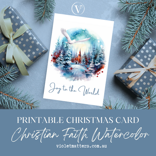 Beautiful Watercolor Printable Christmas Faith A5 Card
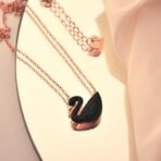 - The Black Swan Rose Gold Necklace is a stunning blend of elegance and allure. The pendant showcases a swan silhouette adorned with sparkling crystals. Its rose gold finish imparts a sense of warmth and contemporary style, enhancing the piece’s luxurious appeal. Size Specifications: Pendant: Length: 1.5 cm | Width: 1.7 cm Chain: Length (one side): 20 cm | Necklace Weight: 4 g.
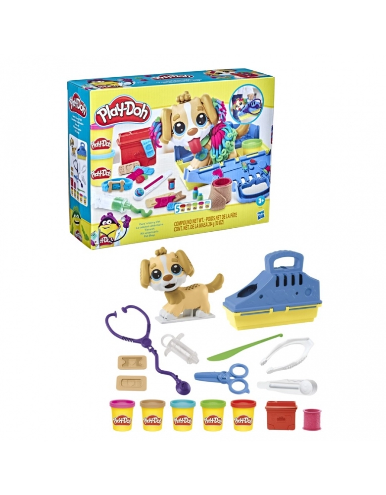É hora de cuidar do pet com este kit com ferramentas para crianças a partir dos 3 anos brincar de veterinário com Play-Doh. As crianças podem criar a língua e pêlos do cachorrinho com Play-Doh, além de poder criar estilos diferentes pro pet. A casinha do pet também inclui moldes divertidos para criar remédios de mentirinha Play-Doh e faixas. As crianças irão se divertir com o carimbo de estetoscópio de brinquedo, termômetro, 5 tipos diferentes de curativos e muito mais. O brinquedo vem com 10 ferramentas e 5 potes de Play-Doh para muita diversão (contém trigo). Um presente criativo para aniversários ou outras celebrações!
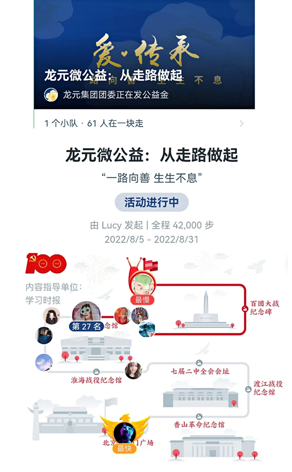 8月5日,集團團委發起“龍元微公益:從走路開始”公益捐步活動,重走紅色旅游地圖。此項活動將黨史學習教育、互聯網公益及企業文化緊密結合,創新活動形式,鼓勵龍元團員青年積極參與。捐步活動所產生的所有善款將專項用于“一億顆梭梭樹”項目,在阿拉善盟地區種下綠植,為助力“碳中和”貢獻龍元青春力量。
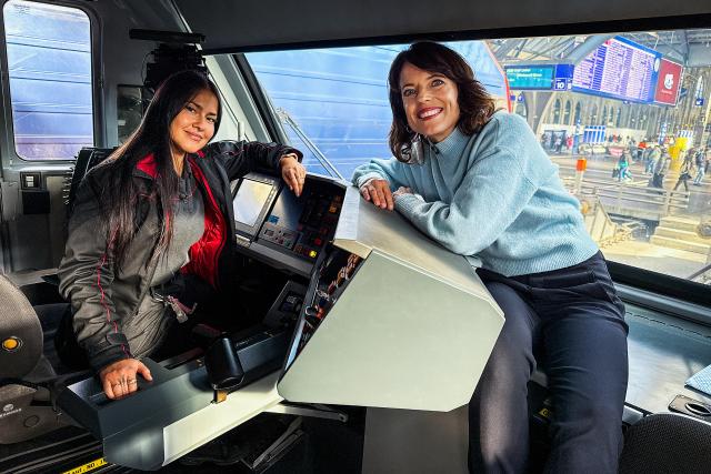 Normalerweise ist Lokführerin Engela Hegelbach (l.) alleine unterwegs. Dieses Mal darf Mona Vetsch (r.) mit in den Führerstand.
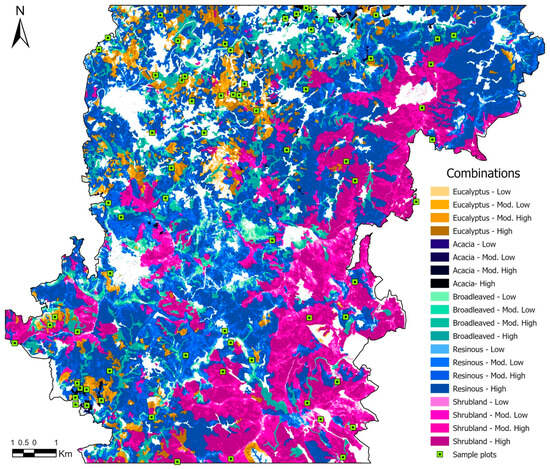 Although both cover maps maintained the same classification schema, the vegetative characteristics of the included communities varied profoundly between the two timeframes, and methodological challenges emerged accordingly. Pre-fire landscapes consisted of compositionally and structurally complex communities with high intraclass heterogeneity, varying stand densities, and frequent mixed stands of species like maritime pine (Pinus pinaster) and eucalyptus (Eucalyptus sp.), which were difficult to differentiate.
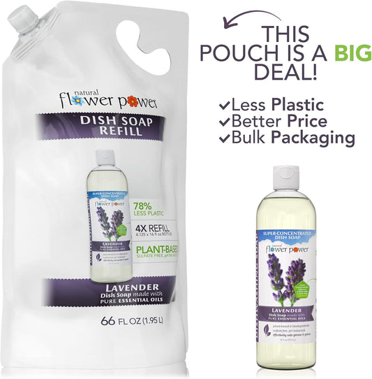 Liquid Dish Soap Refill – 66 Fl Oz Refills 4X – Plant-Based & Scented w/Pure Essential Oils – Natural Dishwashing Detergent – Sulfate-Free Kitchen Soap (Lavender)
::::::::::
_BRIEF_.
Leave the pictures out and reproduce each record exactly as written.

_RESPONSE TO THE TASK_.
 Beautiful Watercolor Printable Christmas Faith A5 Card
 - The Black Swan Rose Gold Necklace is a stunning blend of elegance and allure. The pendant showcases a swan silhouette adorned with sparkling crystals. Its rose gold finish imparts a sense of warmth and contemporary style, enhancing the piece’s luxurious appeal. Size Specifications: Pendant: Length: 1.5 cm | Width: 1.7 cm Chain: Length (one side): 20 cm | Necklace Weight: 4 g.
É hora de cuidar do pet com este kit com ferramentas para crianças a partir dos 3 anos brincar de veterinário com Play-Doh. As crianças podem criar a língua e pêlos do cachorrinho com Play-Doh, além de poder criar estilos diferentes pro pet. A casinha do pet também inclui moldes divertidos para criar remédios de mentirinha Play-Doh e faixas. As crianças irão se divertir com o carimbo de estetoscópio de brinquedo, termômetro, 5 tipos diferentes de curativos e muito mais. O brinquedo vem com 10 ferramentas e 5 potes de Play-Doh para muita diversão (contém trigo). Um presente criativo para aniversários ou outras celebrações!
 8月5日,集團團委發起“龍元微公益:從走路開始”公益捐步活動,重走紅色旅游地圖。此項活動將黨史學習教育、互聯網公益及企業文化緊密結合,創新活動形式,鼓勵龍元團員青年積極參與。捐步活動所產生的所有善款將專項用于“一億顆梭梭樹”項目,在阿拉善盟地區種下綠植,為助力“碳中和”貢獻龍元青春力量。
 Normalerweise ist Lokführerin Engela Hegelbach (l.) alleine unterwegs. Dieses Mal darf Mona Vetsch (r.) mit in den Führerstand.
 Although both cover maps maintained the same classification schema, the vegetative characteristics of the included communities varied profoundly between the two timeframes, and methodological challenges emerged accordingly. Pre-fire landscapes consisted of compositionally and structurally complex communities with high intraclass heterogeneity, varying stand densities, and frequent mixed stands of species like maritime pine (Pinus pinaster) and eucalyptus (Eucalyptus sp.), which were difficult to differentiate.
 Liquid Dish Soap Refill – 66 Fl Oz Refills 4X – Plant-Based & Scented w/Pure Essential Oils – Natural Dishwashing Detergent – Sulfate-Free Kitchen Soap (Lavender)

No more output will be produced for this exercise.